DEC saw more people taking hunter education courses and buying sporting licenses in 2020 and 2021 than in 2019, and with the State’s adoption of a law allowing most 12- and 13-year-olds to hunt deer with a firearm or crossbow, we have more new hunters afield than we’ve seen in many years while setting new records for hunter safety.
As always, DEC wants our current and future hunters and trappers to be confident and knowledgeable to promote success and safety afield. Our 2022-23 Hunting and Trapping Regulations Guide contains all the information you need to guide you through the upcoming seasons.

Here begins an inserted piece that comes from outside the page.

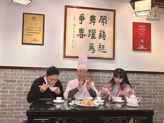 广东人成日讲“无鸡不成宴”,大时大节,餐台上更加唔少得鸡嘅加持。过年前,香港艺人曹永廉就约埋可乐君,去到广州荔湾老西关寻访“文记壹心鸡”传承人,试食地道嘅广式白切鸡,顺便“偷师”学埋呢门手艺,话想翻香港嘅时候露翻两手咁话。又食又“拎”嘅阿廉究竟get到师傅几成功力,即刻去片! 郭玮/文 Color团队/图 靓鸡宴客有讲究 喺广州人嘅餐台上,一道风味独特嘅白切鸡係宴请宾客、喜庆聚会嘅必备菜式,在岭南饮食文化中分量十分重,广式白切鸡制作技艺更已入选咗第八批广州市级非遗代表性项目名录。广式白切鸡讲究嘅就係原汁原味、皮爽肉滑,佢嘅鲜美同嫩滑係无可替代嘅魅力。而“文记壹心鸡”同普通白切鸡最大嘅唔同,就係佢选用秘制白卤水浸鸡,令成品除咗肉嫩皮脆之外,连骨都有味。“文记壹心鸡”传承人冼伟文话,佢哋敢将鸡柳切成“大鹏展翅”状,展示喺碟边,就係因为佢自信呢味鸡肉够嫩够滑,连最容易柴口无味嘅鸡胸肉,都能轻松征服嘴刁嘅广州人。 鸡有鸡味落足料 冼师傅静鸡鸡话俾阿廉知,广式白切鸡一般会选用清远嘅麻鸡,而且只有适当体重嘅“鸡选手”先可以入围成为壹心鸡,太肥美会过于油腻,瘦过标准就怕肉柴。浸鸡嘅白卤水内有乾坤:除咗要准备八角、陈皮、甘草等等常见汤料,仲要用瑶柱提味,而烤过嘅大地鱼就係呢煲卤汁鲜甜嘅秘诀啦。在盛行机械化流水线嘅现代社会,壹心鸡依然坚持全人工制作。从劏鸡嘅水温开始就要严格把控,浸鸡要等汤大滚,三起三落可以令鸡肉受热均匀。当鸡整体浸熟后,就要趁热放入事先冷藏嘅卤水中过冷河,最后浸够二十分钟等佢彻底冷却,冷热交替使鸡皮变得紧致,鸡肉锁汁入味,每一步都不可或缺,更不能马虎。要浸出一只皮金黄不破,肉质紧致饱满嘅鸡,真係少啲心机都唔得。传承人话“一心一意做好每一只鸡”係佢哋嘅店志,浸鸡嘅白卤水已经传承咗廿几年,期间会不断添加卤料keep住佢嘅原香,好多老街坊已经认准呢个味道就係正宗广州味。 传承全靠用心坚持 听到师傅整鸡嘅卤水咁把炮,阿廉梗係心动,想趁机买啲“半成品”翻去,到时喺屋企人面前威下咁啵,但师傅就话,呢煲秘制卤水唔卖嘎!“偷鸡”唔成,阿廉就唯有现场食翻够本啦。师傅真係将“一心一意”嘅宗旨发挥得淋漓尽致,除咗对制作流程嘅坚持,斩鸡也很有技巧,而鸡肉上枱之前仲用卤水淋一次,保证佢最juicy嘅状态,甚至连点鸡嘅姜葱酱的配比都有讲究。师傅仲偷偷话俾我哋知,原来鸡pat pat数上去第三块係最正啵。师傅将各种白切鸡心得铭记于心,同时又大方share出嚟,为嘅就係希望呢碟白切鸡美名远扬,令更多人感受到粤菜文化嘅真香魅力。曹永廉亦感叹道:“广式白切鸡制作技艺能传承至今,经久弥香,全靠师傅的细心和坚持。” Color提示:《UP在湾区·港见粤闻》会继续带大家学非遗、品美食、玩转非遗手艺,如果想知下次轮到边位大咖带大家搞搞新意思,记得关注我哋啦!

A growing segment of New Yorkers are getting involved in hunting and trapping but may not come from a family with a long tradition of engaging in these activities. DEC and many other organizations like the National Deer Association, Backcountry Hunters and Anglers, and Cornell Cooperative Extension’s Wild Harvest Table program are helping new hunters gain the skills they need to make hunting and trapping a lifelong pursuit. We also encourage long-time hunters to help us by sharing their expertise by taking someone new afield this fall.
DEC staff dedicated to managing and protecting our wildlife resources are available to answer any questions you may have. By following our New York State regulations and hunter safety requirements, we can continue to sustainably manage our natural resources and provide quality recreational opportunities for all hunters and trappers.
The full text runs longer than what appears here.